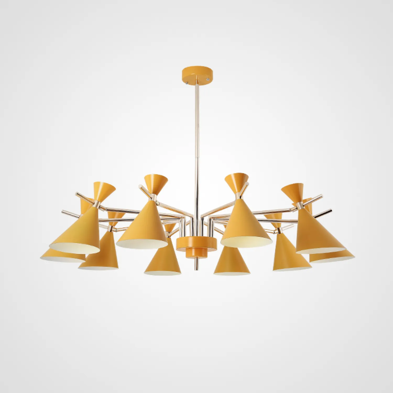 Сочетание яркого желтого цвета и изящного дизайна делает эту люстру поистине уникальной. Она привнесет в ваш дом неповторимую атмосферу радости и тепла. Каждая из десяти ламп создает потрясающий световой эффект, наполняя комнату яркими лучами света.
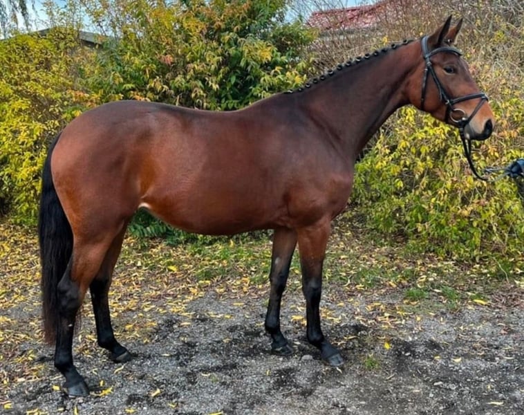 Carla, C'est une jument compacte et élégante, dotée de trois allures de base excellentes. Elle a été dressée, mais en raison de la grossesse de sa propriétaire, elle n'est plus montée pour le moment. En manège, elle est douce, mais un peu craintive ou timide. Elle montre également du talent en saut d'obstacles et pourrait être utilisée comme cheval polyvalent. Je pense qu'il s'agit d'un super jeune cheval à un prix avantageux. C'est un cheval qui aime travailler et, lorsqu'elle est remise en selle, elle peut supporter un entraînement de 4 à 6 fois par semaine. Je peux l'imaginer plus tard comme un bon cheval de niveau A/L. Son contrôle vétérinaire, y compris la radiographie du dos, était excellent. Dents et ostéopathe ont été régulièrement consultés. Elle est ferrée et sait charger dans un van. Malheureusement, elle ne peut pas être essayée en ce moment, d'où le prix correspondant. Cependant, elle est en parfaite santé, ce n'est donc pas un problème.
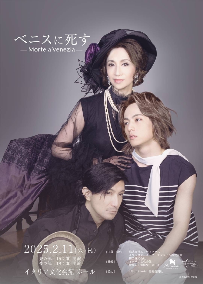 『ベニスに死す』 新演出版 ーMorte a Veneziaーが2025年2月11日 (火・祝)にイタリア文化会館ホール(東京都 千代田区 九段南 2-1-30)にて上演されます。チケットはカンフェティ(運営:ロングランプランニング株式会社、東京都新宿区、代表取締役:榑松 大剛)にて11月8日(金)10時発売開始予定です。
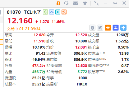 TCL电子高开一度涨近15%,截至发稿,涨11.66%,报12.16港元,成交额1.522亿港元。
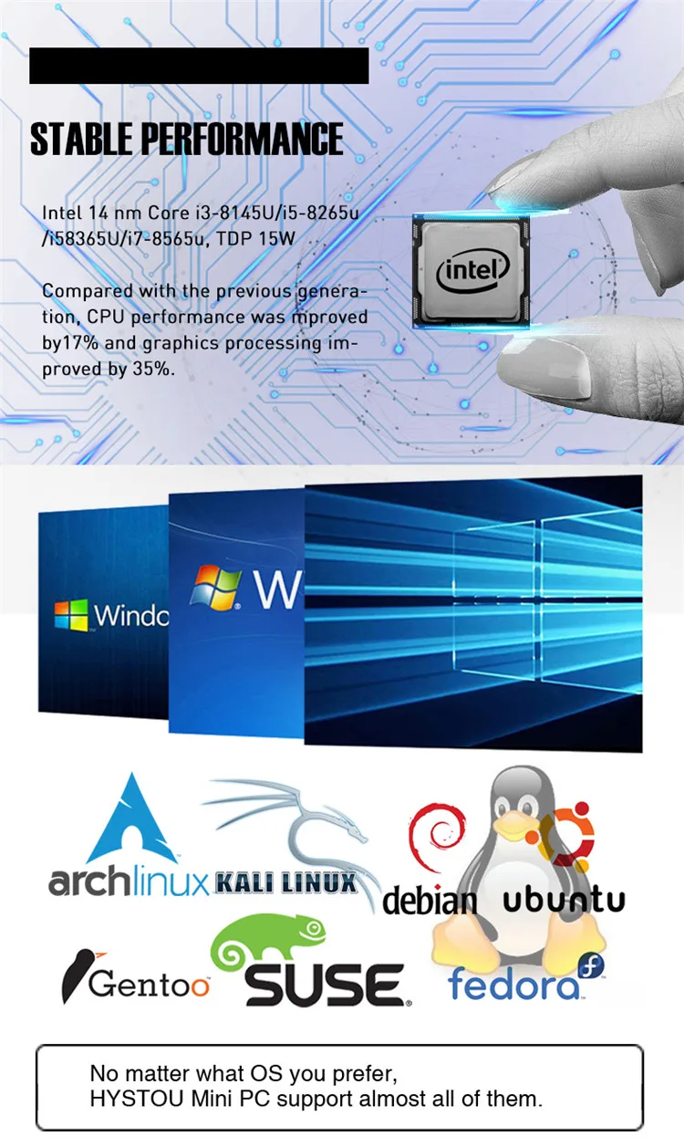 [Faster Running Speed] Equipped with Intel Core i3-8145U/ i5 8265U processor , pre-installed Windows 10 Pro(64-bit) Mini PC. Powerful hardware makes it run more stable. Creates smoothly experience for your visually home entertainment, Streaming video, Web Browsing, Gaming, and Work.[Great Home Theater PC] The mini desktop computer comes with 4K ultra high definition streaming capability, giving you a best-in-class television experience with true-to-life picture quality, which can be used as a media center to enjoy TV shows or games.[Memory expansion] Equipped with 260 pin DDR4. Support up to 64GB. The memory can be expanded up to 128 GB with a micro SD card and up to 2 TB with a standard 2.5-inch SATA HDD / SSD . You can also plug in a 2TB mobile hard drive box via the USB 3.0 interface.[Dual Screen Display]Built with HDMI and DP port, seamlessly connecting two monitors. With integrated Intel HD graphic to enjoy 4K Web surfing, video playback, watching TV, home theater, enjoy the entertainment with your family. Support 2.4G/5.8G Band WiFi.[Windows 10 Pro] Pre-installed with Windows 10 Pro(64bit) OS.Support Auto-on after power failure(1.Press On/Off Switch on the pc and then keep press “Delete”until goes into bios 2.Find “State After G3” under “PCH_IO configuration” page, change “s5 state” to “s0 state”, press “Enter” key. 3.Press “F10” key to save the setting and finish the setting. From now on any illegal shutdown will bring auto power on after the pc connect to main supply.)[Unique design&Function] Support 64 bits computing Turbo boost Hyper-Threading Virtualization technology etc, Can install 1 pc 2.5'' HDD+1pc mSATA SSD +1pc M.2 SSD, highest speed up to 6Gbps. Come with a wall-mounted holder to allow you to hang mini computer behind monitor. Saving your desk space and letting you desk look more tidy, Mini PC Support Wake On LAN, PXE Boot, RTC Wake, Auto Power On( get into BIOS interface settings)[No noise & portability] The fanless design of this mini PC can save power and achieve zero noise. The unique shell design and energy-saving components make cooling faster and more efficient. We presented a mini console stand in the package, which can save a lot of space. [Reliable Lifetime Service] Our group has been dedicating to the production and R&D design of Mini PC for many years. And all our products have passed strict inspesction before outgoing. If you have any questions, Please don't hesitate to contact Us. And we are 100% guaranteed to solve your problems. We offer 3 year limited parts and on-site service, toll-free lifetime technical support online. All of our products obtained FCC, CE, ROSH Certifications.Product Pacakge:
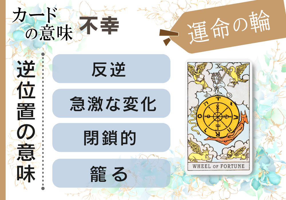 - 3 タロットカード10.運命の輪の逆位置の基本的な意味は「不幸」
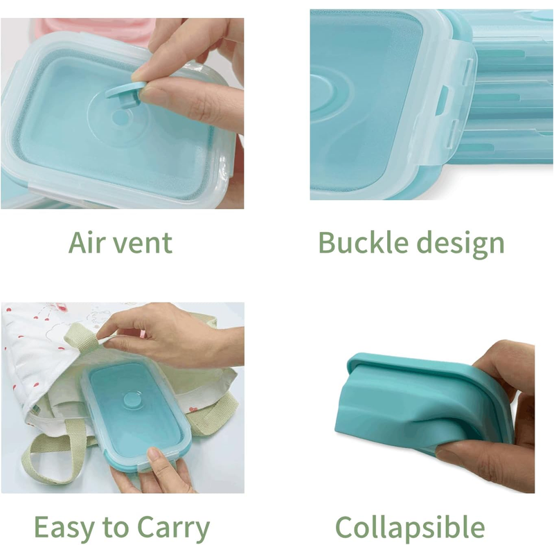 4 Pack Silicon Lunch Box Flat Stacks Collapsible Food Storage Containers With Lids Leftover Meal Box For Kitchen BPA Free
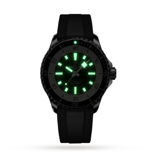 For maximum safety underwater, a ceramic unidirectional bezel frames the black dial, with hands and indexes coated in luminescent Super-LumiNova for superior readability.
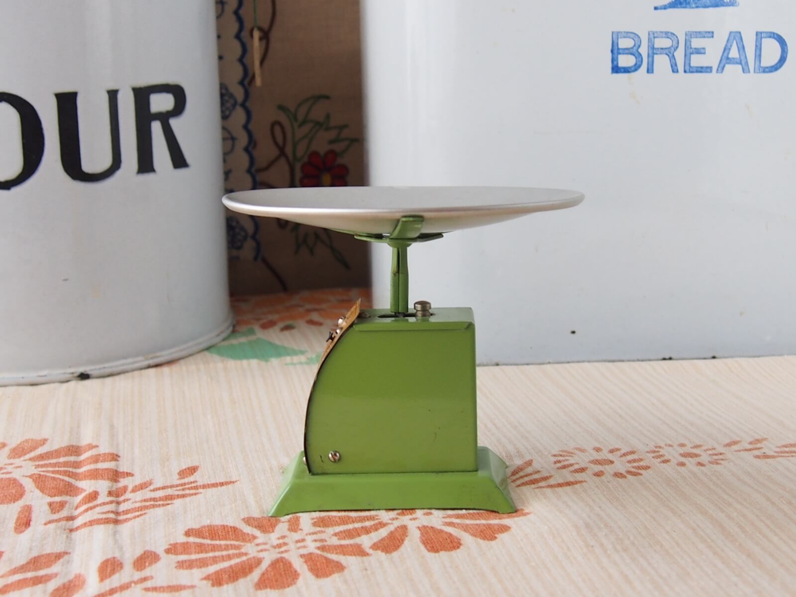 推定1930~50年代・イギリス・ソルター社製。ライトグリーンの色合いが素敵な小さめサイズのはかりです。こちらは砂糖やお塩などの調味料を量るダイエットスケールと呼ばれるもの。インテリアのディスプレイとしてもお勧めです♪ 調節ねじも動き、動作にも問題ありません。年代からくる汚れやシミ・細かいキズ・変色などは見られますが、目立ったダメージはなく良い状態です。箱も残っていますが傷みがあります。
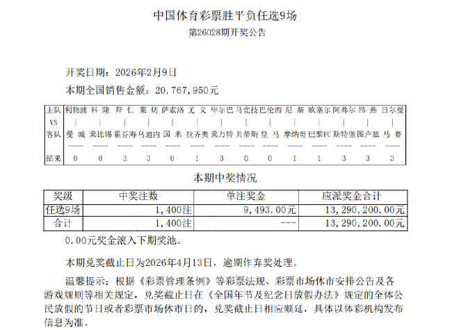 足彩26028期任九开奖:共1400注 单注9493元
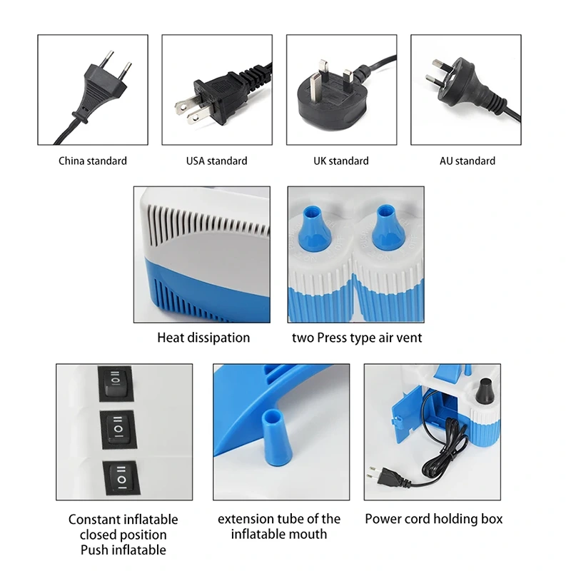 During the European and American holiday season (Halloween, Christmas) : The owner of an American party supplies store said, "Just plug in a 120V household socket, no need to look for extension cords or adapters. You can inflate 500 small balloons in 30 minutes by setting up a stall, which is three times faster than hiring workers." A German wedding company purchased a batch of European standard electric balloon pump. They filled 36 inch foil balloons at an outdoor wedding in Berlin and worked continuously for 4 hours without power failure. They said, "The quality of this pump is stable. We made the right purchase."
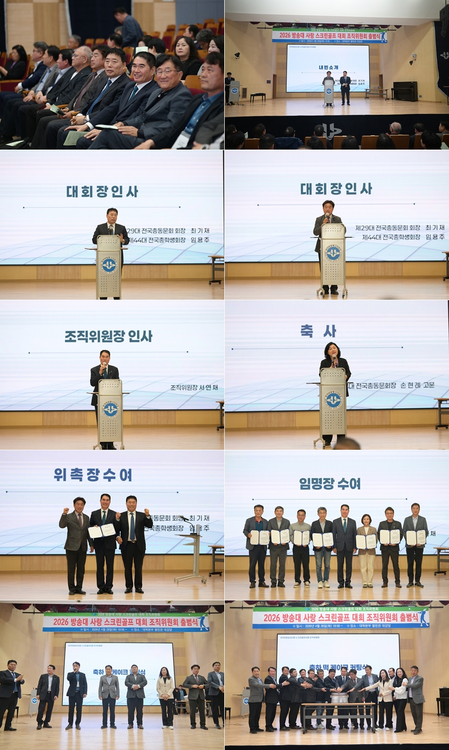전국총동문회(회장 최기재)와 전국총학생회(회장 임용주)가 주최하는 ‘2026년 방송대 사랑 스크린골프대회’를 앞두고 대회를 주관하는 ‘조직위원회(위원장 서연채)’가 지난 4월 28일 19시 대학본부 열린관 대강당에서 출범식을 가졌다.
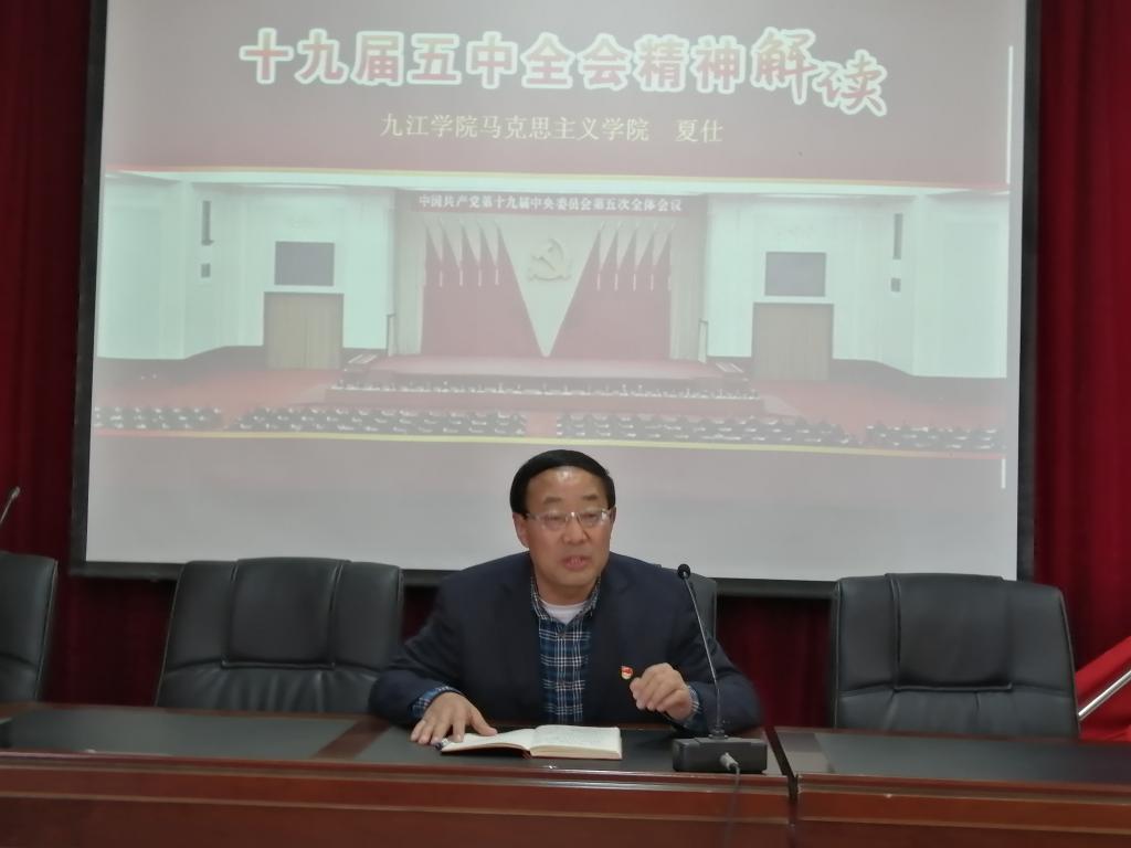 学习会上夏仕教授从“决胜全面建成小康社会的决定性成就”、“二〇三五年的远景目标和“十四五”时期经济社会发展的战略部署”、“实现“十四五”规划和二〇三五年远景目标的政治保证和外部环境”三方面对十九届五中全会内容进行了全面讲解。夏仕教授的专题辅导报告,使全体党员对全会精神贯彻学习有了全面而深入的了解把握。
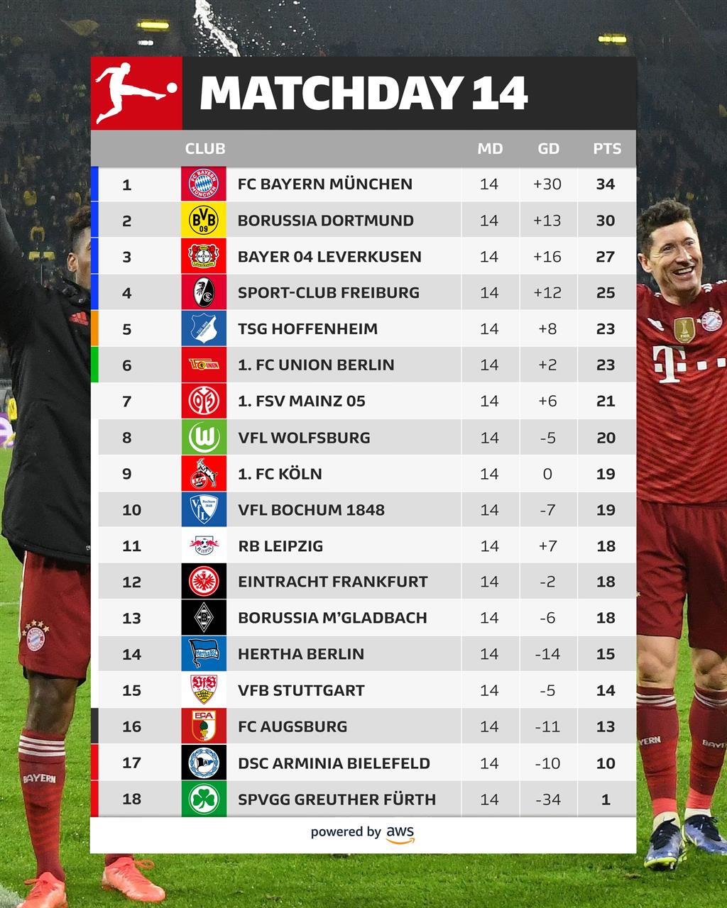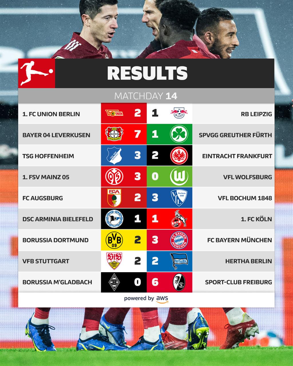 Нойер – Павар, Упамекано, Л. Эрнандес (Зюле, 74), Дэвис – Горецка (Мусиала, 65), Толиссо – Коман (Куасси, 88), Мюллер, Сане (Гнабри, 65) – Левандовски
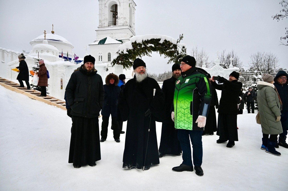 Архиерей посетил ледяную пещеру, осмотрел снежный храм, скульптуру архангела, ледяную миниатюру Раифского монастыря, Рождественский вертеп и другие фигуры, отражающие евангельскую историю и символизирующие рождение Спасителя.
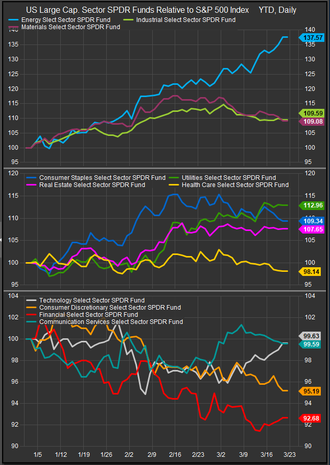 If this trend continues, it creates a macro backdrop that favors Value—at least tactically. Sustained upward pressure on oil, particularly if crude begins to approach the $120–$150 range, would feed through into transportation costs, goods prices, and inflation expectations. That would likely push yields higher across the curve and reduce the probability of near-term Fed easing. In that environment, Energy and Financials would benefit from stronger earnings visibility, while Growth would face valuation headwinds from rising discount rates.

+ + + + +

Description of the task –
Give back all of the material exactly, though without the images it contains.

Result of the task –
 Сочетание яркого желтого цвета и изящного дизайна делает эту люстру поистине уникальной. Она привнесет в ваш дом неповторимую атмосферу радости и тепла. Каждая из десяти ламп создает потрясающий световой эффект, наполняя комнату яркими лучами света.
 Carla, C'est une jument compacte et élégante, dotée de trois allures de base excellentes. Elle a été dressée, mais en raison de la grossesse de sa propriétaire, elle n'est plus montée pour le moment. En manège, elle est douce, mais un peu craintive ou timide. Elle montre également du talent en saut d'obstacles et pourrait être utilisée comme cheval polyvalent. Je pense qu'il s'agit d'un super jeune cheval à un prix avantageux. C'est un cheval qui aime travailler et, lorsqu'elle est remise en selle, elle peut supporter un entraînement de 4 à 6 fois par semaine. Je peux l'imaginer plus tard comme un bon cheval de niveau A/L. Son contrôle vétérinaire, y compris la radiographie du dos, était excellent. Dents et ostéopathe ont été régulièrement consultés. Elle est ferrée et sait charger dans un van. Malheureusement, elle ne peut pas être essayée en ce moment, d'où le prix correspondant. Cependant, elle est en parfaite santé, ce n'est donc pas un problème.
 『ベニスに死す』 新演出版 ーMorte a Veneziaーが2025年2月11日 (火・祝)にイタリア文化会館ホール(東京都 千代田区 九段南 2-1-30)にて上演されます。チケットはカンフェティ(運営:ロングランプランニング株式会社、東京都新宿区、代表取締役:榑松 大剛)にて11月8日(金)10時発売開始予定です。
 TCL电子高开一度涨近15%,截至发稿,涨11.66%,报12.16港元,成交额1.522亿港元。
 [Faster Running Speed] Equipped with Intel Core i3-8145U/ i5 8265U processor , pre-installed Windows 10 Pro(64-bit) Mini PC. Powerful hardware makes it run more stable. Creates smoothly experience for your visually home entertainment, Streaming video, Web Browsing, Gaming, and Work.[Great Home Theater PC] The mini desktop computer comes with 4K ultra high definition streaming capability, giving you a best-in-class television experience with true-to-life picture quality, which can be used as a media center to enjoy TV shows or games.[Memory expansion] Equipped with 260 pin DDR4. Support up to 64GB. The memory can be expanded up to 128 GB with a micro SD card and up to 2 TB with a standard 2.5-inch SATA HDD / SSD . You can also plug in a 2TB mobile hard drive box via the USB 3.0 interface.[Dual Screen Display]Built with HDMI and DP port, seamlessly connecting two monitors. With integrated Intel HD graphic to enjoy 4K Web surfing, video playback, watching TV, home theater, enjoy the entertainment with your family. Support 2.4G/5.8G Band WiFi.[Windows 10 Pro] Pre-installed with Windows 10 Pro(64bit) OS.Support Auto-on after power failure(1.Press On/Off Switch on the pc and then keep press “Delete”until goes into bios 2.Find “State After G3” under “PCH_IO configuration” page, change “s5 state” to “s0 state”, press “Enter” key. 3.Press “F10” key to save the setting and finish the setting. From now on any illegal shutdown will bring auto power on after the pc connect to main supply.)[Unique design&Function] Support 64 bits computing Turbo boost Hyper-Threading Virtualization technology etc, Can install 1 pc 2.5'' HDD+1pc mSATA SSD +1pc M.2 SSD, highest speed up to 6Gbps. Come with a wall-mounted holder to allow you to hang mini computer behind monitor. Saving your desk space and letting you desk look more tidy, Mini PC Support Wake On LAN, PXE Boot, RTC Wake, Auto Power On( get into BIOS interface settings)[No noise & portability] The fanless design of this mini PC can save power and achieve zero noise. The unique shell design and energy-saving components make cooling faster and more efficient. We presented a mini console stand in the package, which can save a lot of space. [Reliable Lifetime Service] Our group has been dedicating to the production and R&D design of Mini PC for many years. And all our products have passed strict inspesction before outgoing. If you have any questions, Please don't hesitate to contact Us. And we are 100% guaranteed to solve your problems. We offer 3 year limited parts and on-site service, toll-free lifetime technical support online. All of our products obtained FCC, CE, ROSH Certifications.Product Pacakge:
 - 3 タロットカード10.運命の輪の逆位置の基本的な意味は「不幸」
 4 Pack Silicon Lunch Box Flat Stacks Collapsible Food Storage Containers With Lids Leftover Meal Box For Kitchen BPA Free
 For maximum safety underwater, a ceramic unidirectional bezel frames the black dial, with hands and indexes coated in luminescent Super-LumiNova for superior readability.
 推定1930~50年代・イギリス・ソルター社製。ライトグリーンの色合いが素敵な小さめサイズのはかりです。こちらは砂糖やお塩などの調味料を量るダイエットスケールと呼ばれるもの。インテリアのディスプレイとしてもお勧めです♪ 調節ねじも動き、動作にも問題ありません。年代からくる汚れやシミ・細かいキズ・変色などは見られますが、目立ったダメージはなく良い状態です。箱も残っていますが傷みがあります。
 足彩26028期任九开奖:共1400注 单注9493元
 During the European and American holiday season (Halloween, Christmas) : The owner of an American party supplies store said, "Just plug in a 120V household socket, no need to look for extension cords or adapters. You can inflate 500 small balloons in 30 minutes by setting up a stall, which is three times faster than hiring workers." A German wedding company purchased a batch of European standard electric balloon pump. They filled 36 inch foil balloons at an outdoor wedding in Berlin and worked continuously for 4 hours without power failure. They said, "The quality of this pump is stable. We made the right purchase."
전국총동문회(회장 최기재)와 전국총학생회(회장 임용주)가 주최하는 ‘2026년 방송대 사랑 스크린골프대회’를 앞두고 대회를 주관하는 ‘조직위원회(위원장 서연채)’가 지난 4월 28일 19시 대학본부 열린관 대강당에서 출범식을 가졌다.
 学习会上夏仕教授从“决胜全面建成小康社会的决定性成就”、“二〇三五年的远景目标和“十四五”时期经济社会发展的战略部署”、“实现“十四五”规划和二〇三五年远景目标的政治保证和外部环境”三方面对十九届五中全会内容进行了全面讲解。夏仕教授的专题辅导报告,使全体党员对全会精神贯彻学习有了全面而深入的了解把握。
 Нойер – Павар, Упамекано, Л. Эрнандес (Зюле, 74), Дэвис – Горецка (Мусиала, 65), Толиссо – Коман (Куасси, 88), Мюллер, Сане (Гнабри, 65) – Левандовски
 Архиерей посетил ледяную пещеру, осмотрел снежный храм, скульптуру архангела, ледяную миниатюру Раифского монастыря, Рождественский вертеп и другие фигуры, отражающие евангельскую историю и символизирующие рождение Спасителя.
 If this trend continues, it creates a macro backdrop that favors Value—at least tactically. Sustained upward pressure on oil, particularly if crude begins to approach the $120–$150 range, would feed through into transportation costs, goods prices, and inflation expectations. That would likely push yields higher across the curve and reduce the probability of near-term Fed easing. In that environment, Energy and Financials would benefit from stronger earnings visibility, while Growth would face valuation headwinds from rising discount rates.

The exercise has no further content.